Nörobilimci Vivienne Ming, bir bilim insanı ve teorik nörobilimci. Tıpkı vakitte da otizmli bir çocuğun annesi. Ming, çocuğunun hayatta karşılaşabileceği zorluklara karşı bilimsel uzmanlığını ve teknolojiyi kullanırken, insanlığın gelecekte ulaşabileceği nokta konusunda da heyecan yaratıyor.
Ming, birinci olarak çocuğu için bir Google Glass üzerinden başka şahısların yüzlerini ve sözlerini gerçek vakitli olarak tanımayı sağlayan bir sistem geliştirdi. Pek çok insan bu yeteneğe sahip olsa da bu özellik, otizmli bireyler için adeta bir harika kahraman özelliği üzere gözüküyor. Ming, teknolojinin beşerler üzerindeki tesirini de tartışmaya açarken “Oğlumu bir Cyborg’a dönüştürmeyi seçtim ve insan olmanın tarifini değiştirdim” diyor; “Oğlumun mühendislik yapıtı muhteşem güçleri onu daha çok mu yoksa daha az mı insan yapar?”
Günümüzde teknolojik yapılara sahip, gelişmiş protezler kullanan pek çok insan var. Biyonik gözler, zihinle denetim edilebilen uzuvlar günümüzde yaygınlaşıyor. Bütün bu protezlerin emeli ise tıpkı: Engelli bireylerin mahzurlarını ortadan kaldırmak ve ortalama insan manzarasına kavuşmalarını sağlamak. Ming’in çalışması da birebir hedefe hizmet ediyor.
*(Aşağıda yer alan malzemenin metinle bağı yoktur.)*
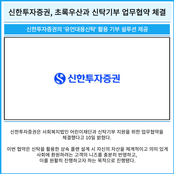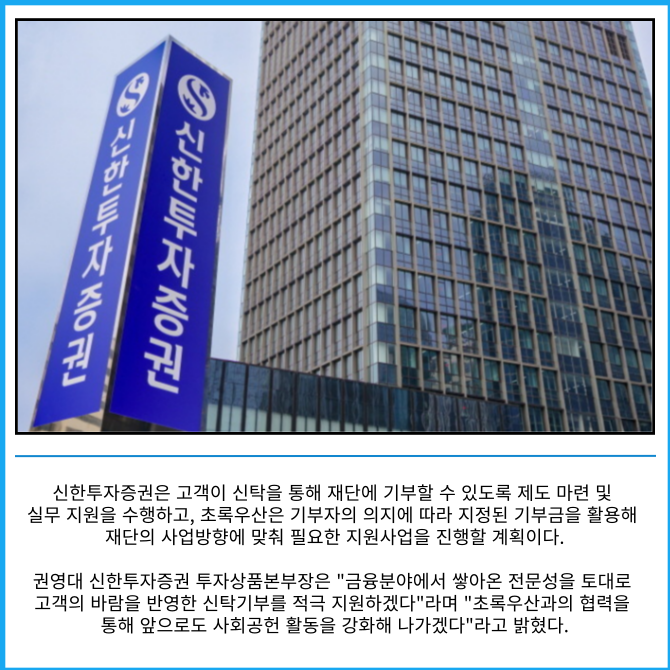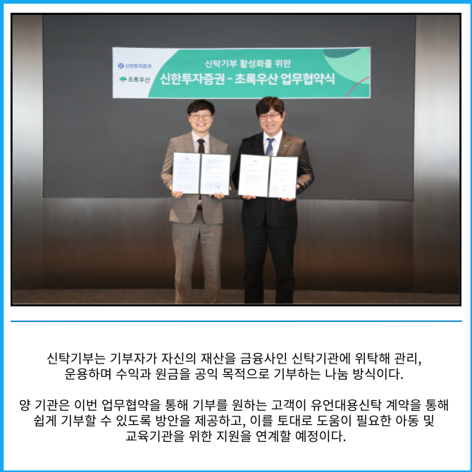 [카드] 신한투자증권, 초록우산과 신탁기부 업무협약 체결

Tek farkı bu protezin nörolojik olarak çalışması.
Ming, teorik olarak herkesin nöroteknolojilere erişebileceğini lakin gerçekte, bu sistemlerin avantajlarından en çok yararlananların en az muhtaçlık duyanlar olacağını söylüyor. Yani muhtemelen gereğince parası olanlar bu teknolojilere birinci erişebilenler olacak. Bu da eşitsizliği arttıracak. Buna ek olarak, gereğince varlıklı olan bireyler kendi çocuklarını ve sonraki jenerasyonlarını biyolojik olarak da gelişmiş hale getirebilecek.
Ming, bu gelişimlerin toplumsal eşitsizliği nasıl arttıracağını ve herkesin muhteşem güçlere sahip olmasının mümkün sonuçlarını tartışıyor. Birtakım uzmanlara nazaran bu alanda düzenlemeler yapılması ve herkesin yeni teknolojilere erişimde eşit bahta sahip olmasının sağlanması taraftarı. Yani bir yanımız çiçek açarken öbür yanımız Cyberpunk 2077.